The report—touting arbitration’s supposed benefits for workers—arrived just in time to be cited at a House hearing last month. That’s unlikely to be the last of it. The report will surely be presented by corporate lobbyists to a coterie of undecided legislators—legislators who care about access to justice and who are genuinely concerned about the impact of forced arbitration, but who also want to be responsive to the concerns raised by businesses that use it. The danger is that these legislators will believe the report’s spurious conclusion that arbitration is better for workers and vote accordingly.
Some initial skepticism is obviously in order. With its history of opposing reforms like paid family leave, a higher minimum wage, and strong overtime protections, the U.S. Chamber of Commerce is not an institution that is generally known as a champion of workers’ rights. And the report (entitled “Fairer, Faster, Better”) was written by a consulting firm that’s published previous reports like “Regulations: the more is not the merrier” and “The Regulatory Impact on Small Business: Complex. Cumbersome. Costly.”
But whatever the source, it’s important to engage with the substance, which is why we decided to take a deep dive. We discovered glaring errors, most of which we discussed in our American Prospect piece: the report’s omission of class actions and state court cases from its litigation data; its reliance on the mean rather than the median in its conclusions; its failure to account for cases that never come to light because of forced arbitration or to consider deterrence and injunctive relief; and its failure to engage with decades of prior academic studies on the topic.
However, there are even more in-the-weeds problems in addition to those in our op-ed. Here are a few:
Arbitration’s lack of transparency results in problems with the Chamber’s report. The available information on arbitration only reports the amount claimed by workers for about one-third of the cases, obstructing anyone’s ability to assess the real meaning of the results (since the amount awarded should be viewed in relation to the amount claimed). And in nearly one quarter of the 1030 arbitration cases in the study with a final decision, “information about the prevailing party was unknown or… there were awards to both plaintiffs and defendants.”
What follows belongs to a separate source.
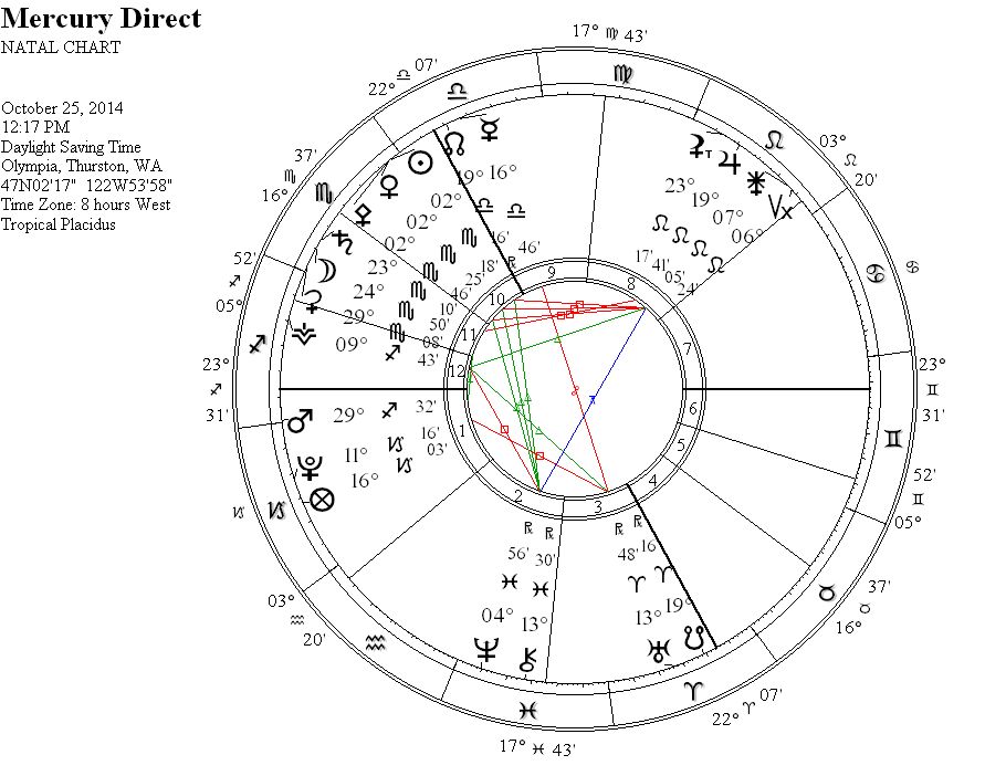 Mercury will leave the shadow zone on November 10, 2014 at a time that Venus will be conjunct Saturn in Scorpio and Mars will be conjunct Pluto in Capricorn.  As Mercury moves forward through Libra, focus on re-integrating all of the messages gained regarding our desires, relationships, and sense of self within relationships.  The astrology of this time suggest there is something profound to build and cultivate from the rumination of our inner mind.

In part because of the limited sample resulting from the lack of transparency, the total number of arbitration decisions included in the report’s primary analysis was miniscule: 251 cases in which employees initiated and prevailed, over fifty states in a five-year period. This is out of 10,486 arbitration cases in a sample that’s already shrunk by the omission of class actions and state court cases. Is this sample sufficient to draw any broad conclusions? Probably not.
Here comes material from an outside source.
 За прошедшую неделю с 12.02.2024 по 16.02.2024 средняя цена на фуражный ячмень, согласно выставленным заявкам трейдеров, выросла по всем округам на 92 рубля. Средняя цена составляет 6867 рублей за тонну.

Also, the information about “awards to both plaintiffs and defendants,” while glossed over by the report’s authors, is in fact noteworthy. It’s pretty uncommon, if not highly unusual, for employer-defendants to get awards from courts in litigation cases initiated by ordinary employee-plaintiffs. But the arbitration results suggest that this may not be the case in arbitration. When comparing which of two options is better for workers (arbitration or litigation), if one seems to carry real risk of the worker owing money surely this factor merits discussion or at least further investigation.
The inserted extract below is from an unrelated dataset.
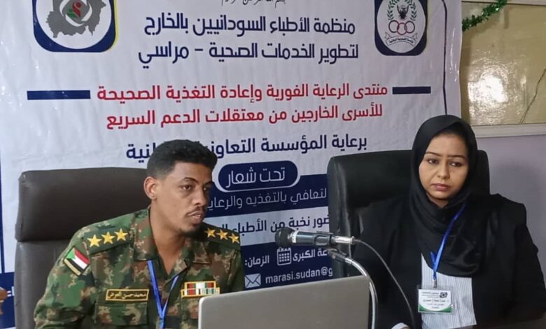 وحذروا خلال منتدى (الرعاية الفورية وإعادة التغذية الصحيحة للأسرى الخارجين من معتقلات مليشيا الدعم السريع)، الذي نظمته منظمة الأطباء السودانيين بالخارج لتطوير الخدمات الصحية (مراسي) يوم السبت، بقاعة مستشفى الأورام (الذرة)، تحت رعاية المؤسسة التعاونية، من التغذية المميتة للعائدين من الأسر، ومن إعطائهم سكريات ونشويات. وأكدوا ضرورة التركيز على النظام الغذائي المتوازن الذي يوفر الطاقة اللازمة للشفاء، والتعويض عن النقص في العناصر الغذائية. كما أعلنوا عن ترتيبات لوضع بروتوكول بالاتفاق مع وزارة الصحة لعلاج أسرى الحرب.

The report emphasizes that most workers in the arbitration cases were not high earners. However, most employees in the arbitration sample were much higher earners than the general public. Of the arbitration sample’s employee plaintiffs, 21 percent made over $100,000, and 7 percent made over $250,000. In the general population of wage earners in 2014 (the first year of the period of the study) the shares earning over $100,000 and over $250,000 were 8 and 2 percent, respectively. So there were more than 2½ times as many high earners—and 3½ times as many very high earners—in the arbitration case sample compared with the general public. When higher-paid employees have employment disputes, their claims for lost wages, and therefore their recoveries, will logically be higher than lower-paid workers. This may make it look like workers “do better” in arbitration when actually they may just be higher earners in the first place. (Note, however, that the report does not include comparable information about plaintiffs in litigation, thus preventing any comparison of the two in this regard.)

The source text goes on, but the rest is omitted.